If we’re going to stop him, we need to know exactly what he’s working on before he unleashes it.
That’s why I’m being so nosy. I need to figure out why he wanted me to repair the Queen of Pride’s horns so badly and what that has to do with everything else. ”
Bex had just said she didn’t care how Nemini got her horns back, but that confession still threw her for a loop.
“Wait,” she said, whirling toward Adrian. “ Gilgamesh is the reason Pride’s crown was restored?”
“It’s what he kidnapped me to do,” Adrian told her with a nod.
“Like I mentioned downstairs, Gilgamesh told me he needs the crowns of all nine queens to finish his great work, but I still don’t know what that great work is .
Going by other things he’s said, my best guess is that he’s trying to solve an infrastructure problem involved with keeping the gods in their graves.
Other than using Wrath to make a better sin-iron chain, though, I don’t know what that could be. ”
Bex scowled. “Could he be making a better chain?”
“Possibly,” Adrian said. “But I don’t think that’s his endgame.
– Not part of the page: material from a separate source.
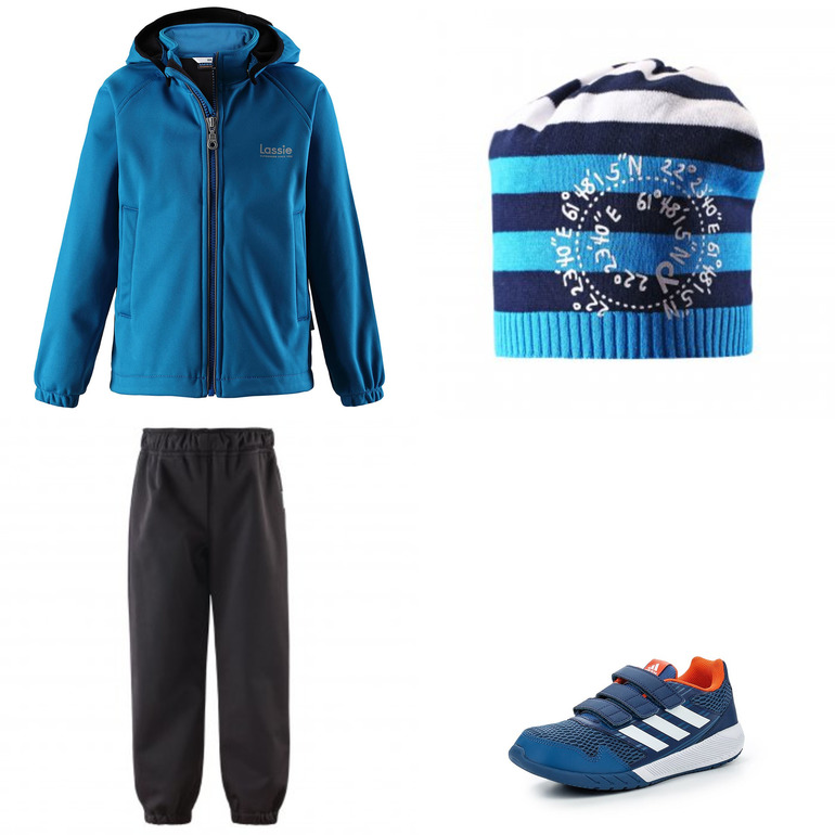 Куртка и штаны Лесси софтшелл, шапка Рейма, кроссы Адидас

He’s lied to me about almost everything, but I still get the impression that the Eternal King isn’t the sort who puts a bandage over a problem when he can solve the root cause.”
“He did force my wrath demons to collect sin until they died from overwork,” Bex agreed angrily. “He’s clearly in a hell of a hurry for something, but what? And why ? The gods have been dead for five thousand years. What could he possibly be in such a rush to—”
She cut off with a gasp when the floor of the Hells rumbled beneath her feet.
The crowd of demons around them started screaming a second later, falling to the ground and covering their heads against whatever disaster was sure to follow, but nothing came.
The ground kept rumbling, but no armies popped out to kill anyone, and eventually Bex got tired of waiting.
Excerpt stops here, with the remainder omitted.